Mutation Analysis and Integration with Ex vivo Functional Drug Screen

For all the below analyses where groups of samples were compared, the earliest sample was chosen for each patient.

TCGA comparison

The lifted over TCGA variants from the ‘WES Variant Detection’ section were annotated using the VEP from Ensembl build 83, filtered for protein-altering and splice site variants and our ‘blacklist’ was applied to ensure the variant sets were comparable.

Co-occurrence/mutual exclusivity

Only mutations seen in at least 10 patients were kept. The DISCOVER[40] method was used to determine significant mutual exclusivity and co-occurrence. A plot of the co-occurrences was generated using corrplot[83] with the odds ratio of the pairwise co-occurrence used to color and scale the circle sizes.

Mutation/drug association

For each mutated gene in the exome sequencing samples and each recurrent fusion (counting FLT3-ITD as a distinct entity from other FLT3 mutants) we determined all available (at least 5 patients) pairwise and three-way co-occurrence sets. For each drug and each valid set of genes (from one to three genes) we fit a linear model with AUC as the response and examined the linear contrast (i.e.. two-sided t-test) comparing the AUC of the gene(s) to the appropriate negative. For example the average AUC of the FLT3:DNMT3A:NPM1 mutants would be compared to average AUC of the samples negative for all three genes. FDR was computed using the BH over all the drugs.

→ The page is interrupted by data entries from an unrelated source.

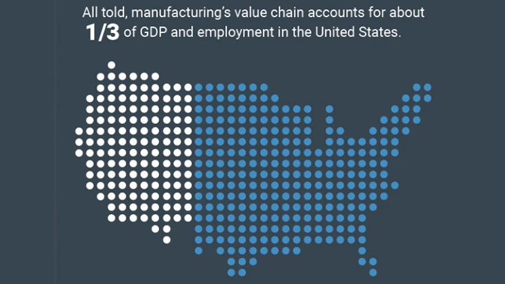 This study debunks these myths. MAPI Foundation’s research has found that manufacturing’s role in prosperity is much bigger than national statistics suggest; the value added from the entire manufacturing value chain is roughly one-third of both GDP and employment. By truly understanding manufacturing, the sector’s standing among educators, parents, and policymakers can be rebuilt, supporting better job opportunities and consistent economic growth for future generations.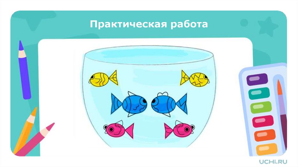 закрасьте рыбок.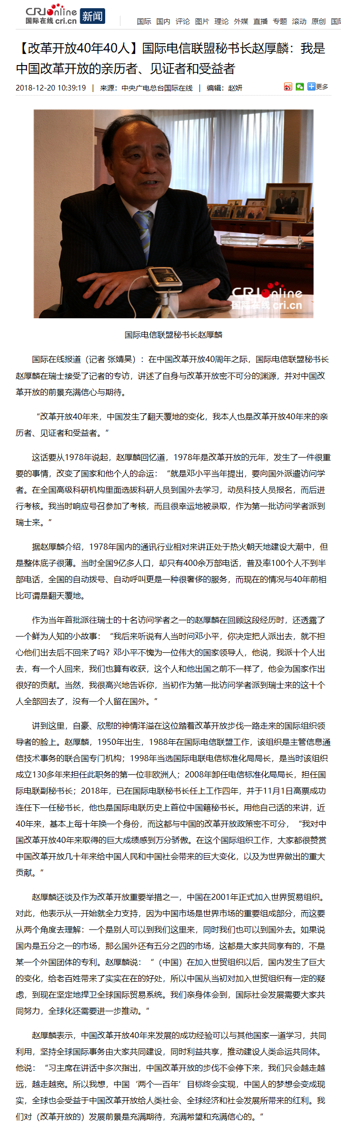 【中央广电总台国际在线】国际电信联盟秘书长赵厚麟:我是中国改革开放的亲历者、见证者和受益者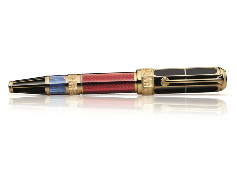 また「ウィリアム・シェイクスピア リミテッドエディション1597」は、シェイクスピアの最も有名な戯曲「ロミオとジュリエットの悲劇」が出版された年にちなんだ限定数(世界限定1597点)で登場。ペン先には有名なバルコニーのシーンを描き、漆黒・深紅・ロイヤルブルーのボディに黒のラッカー仕上げのキャップをあわせたコントラストが、重厚感を演出する。アイコニックなゴールドリングは、キャップとボディの2箇所に配された。

For the Ibrutinib and entospletinib comparisons, the presence and absence of the 3 genes/mutations: NPM1, FLT3_ITD and DNMT3A was collapsed into levels of a single factor. The corresponding single factor ANOVA was carried out with the ‘triple negative’ category set as the reference. Significance of the p-values of each coefficient were compared to the Bonferroni corrected .05 level.

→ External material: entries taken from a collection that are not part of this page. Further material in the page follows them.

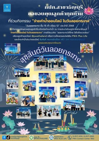 กปภ.สาขาธัญบุรี ขอขอบคุณลูกค้าทุกท่านที่ร่วมกิจกรรมใน "วันลอยกระทง ขึ้น 15 ค่ำ เดือน 12" ประจำปี 2568 ในกิจกรรมเชิญชวนคุณลูกค้าที่มาติดต่อชำระค่าน้ำ ณ การประปาส่วนภูมิภาคสาขาธัญบุรี "จ่ายค่าน้ำออนไลน์ ในวันลอยกระทง" ภายใต้แนวคิด "ลอยกระทงวิถีไทย ใส่ใจสิ่งแวดล้อมแบบยั่งยืน" เพียงลูกค้าแอดไลน์ @pwathailand หรือดาวน์โหลดแอปพลิชัน PWA Plus Life และชำระค่าน้ำประปาออนไลน์ รับทันที กระทงรักษ์โลก ฟรี ! จาก กปภ.สาขาธัญบุรี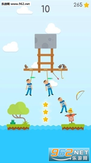 2、滑动屏幕,估算射箭的轨迹,准确地将吊人的绳子射断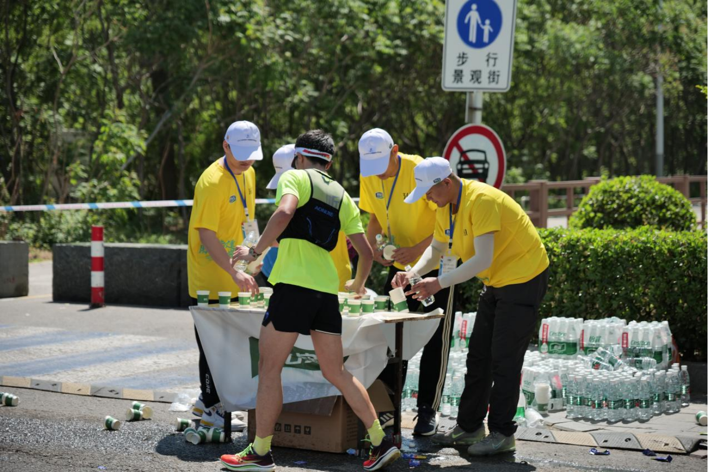 赛道补给站志愿者工作现场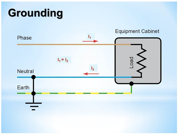 In a house or apartment the Neutral is usually connected to the Earth in the entrance switchboard. From there, three separated lines are fed to the power points. Each piece of equipment will be connected to the Phase (Live) and Neutral. The frame or cabinet will be connected to the Earth as seen below. When there is no fault the current flowing from the Phase line will be the same as the current returning through the Neutral. There is no current flowing through the Earth wire.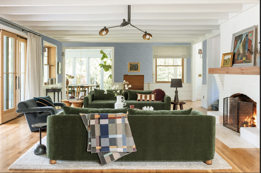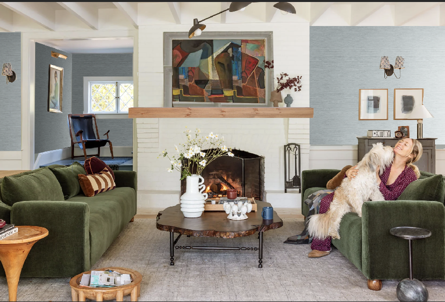 I think the new furniture looks great and love the green and gold combo. I can’t remember what your fireplace mantel is made of, but could you swap it out for a big solid piece of wood- ideally something that is or looks old and reclaimed? The white overall doesn’t bother me for the fireplace or the paneling, but I am excited to see the wallpaper samples. I would love to see how a small busy floral pattern in something darker/ higher contrast to the white would look.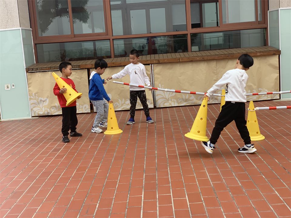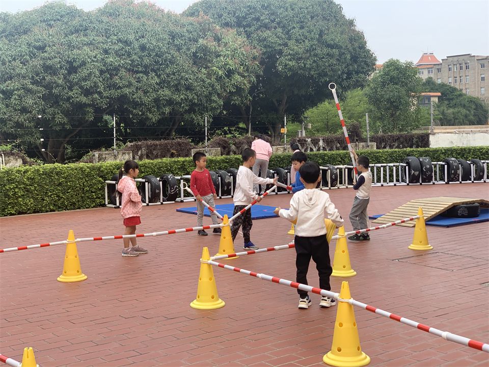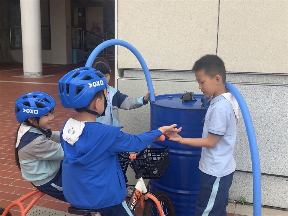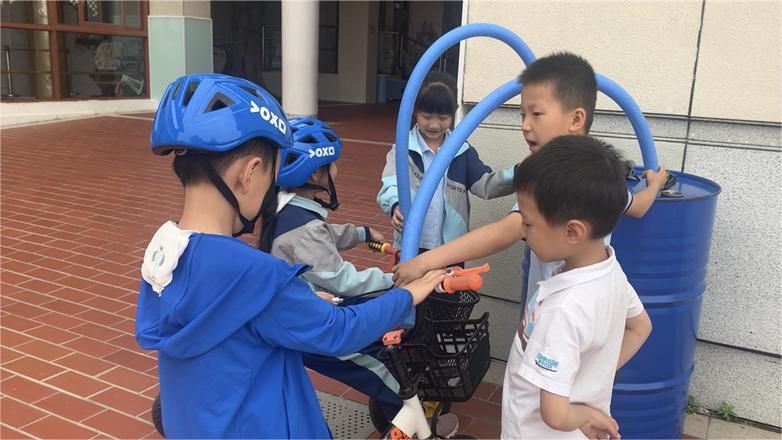 和朋友商量好的屿洵、明睿、宸玥跑到了油桶旁连接水管开始了加油游戏,其他孩子们看到了也纷纷开来了小车加油。

For the JAK-family analysis, the AUC values were pooled for the four JAK inhibitors (CYT387, Tofacitinib (CP-690550), JAK Inhibitor I, Ruxolitinib (INCB018424)) for each gene mutation set (BCOR, BCOR:DNMT3A, BCOR:RUNX1, BCOR:SRSF2). The contrast of the difference between BCOR:RUNX1 samples and the average of the other three mutation groups was tested.

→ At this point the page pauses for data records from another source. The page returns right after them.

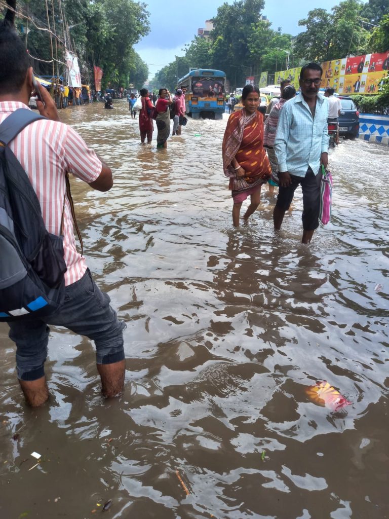 वितेको रातभरि परेको पानीले कोलकाता महानगरको दुर्गति बनाएको छ। यस्तै अवस्थामा पनि मानिसहरू आ-आफ्नो कामतिर लागिरहेका छन् भने गाडीहरू पनि चलिरहेको छ।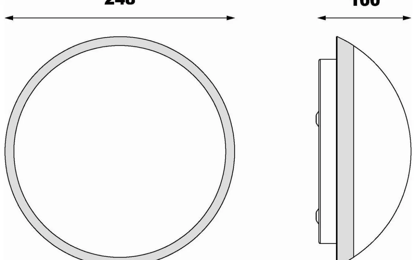 Siracusa plafond för badrum. Vit glaskupol och kromad metallkant runt skärmen. 12W LED integrerat som ger ett bekvämt varmt vitt ljus med 900 lumen, vilket motsvarar cirka 60W traditionell glödlampa. Lampan monteras med skruvar i taket och strömanslutning med fast montering.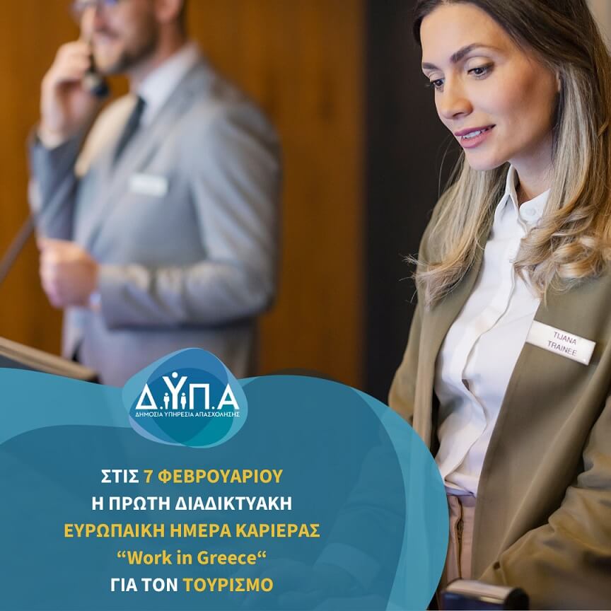 Στο πλαίσιο των δράσεων της Δημόσιας Υπηρεσίας Απασχόλησης (ΔΥΠΑ – πρώην ΟΑΕΔ) για το Εθνικό Γραφείο Συντονισμού EURES της ΔΥΠΑ διοργανώνει την 1η διαδικτυακή Ευρωπαϊκή Ημέρα Καριέρας αφιερωμένη στον τουρισμό στην Ελλάδα, την Τετάρτη 7 Φεβρουαρίου 2024 (10:00 – 16:00).
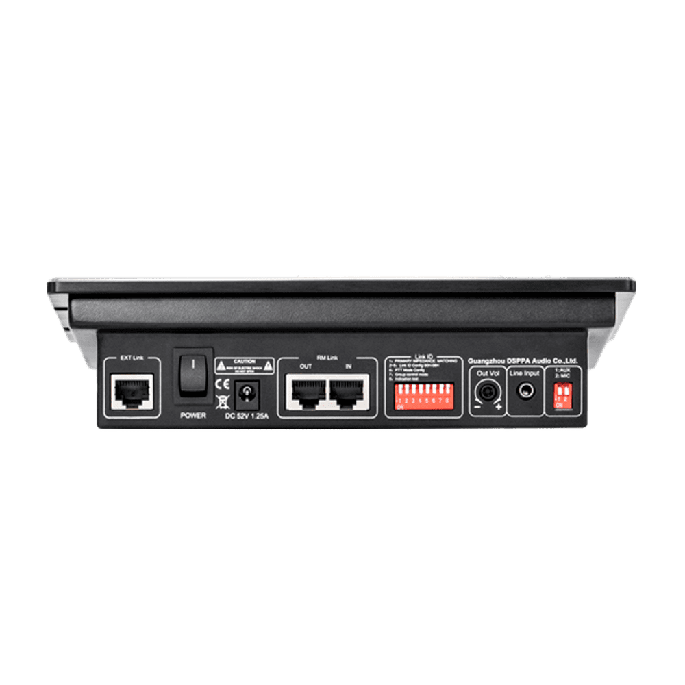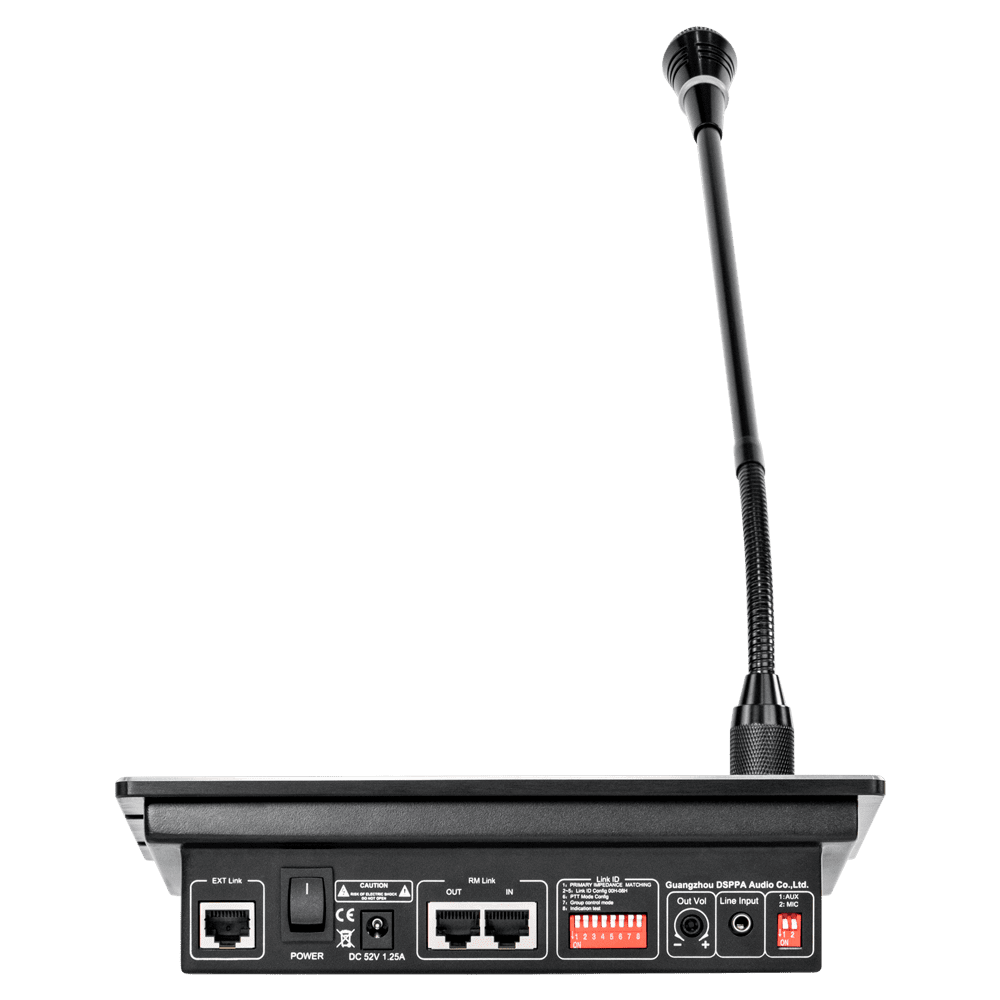 | Portas | – 1 x RJ45 (Ligação com teclado de expansão) – 2 x RJ45 (ligação em cascata com outros microfones) – 1 x LINE IN (Jack 3.5mm)) |

Integration of both mutation and RNA-Sequencing with Ex vivo Functional Drug Screen

Mutations (0/1 encoding) and the module eigengenes from the WGCNA analysis were used separately and combined together in regression models with coefficients selected using the lasso approach[84] as implemented in glmnet[85]. For each datatype and the combination, only drugs with at least 200 patients samples were tested. The 3 datasets were initially randomly separated into training (75%) and test (25%) sets. Similar to a previous approach[86], a bootstrap aggregation approach was used where the 1,000 bootstraps of the training dataset was generated and for each one, the lasso trained using 10 fold cross-validation. Predictions were formed for the test dataset over these bootstrap models and the predicted AUC was averaged. R2 values were computed for these aggregated predictions relative to the test AUC values. As performance was seen to be dependent on the initial test/training split, we repeated the entire process 100 times, recording the mean and standard deviation of the R2 value as well as the count non-zero coefficients.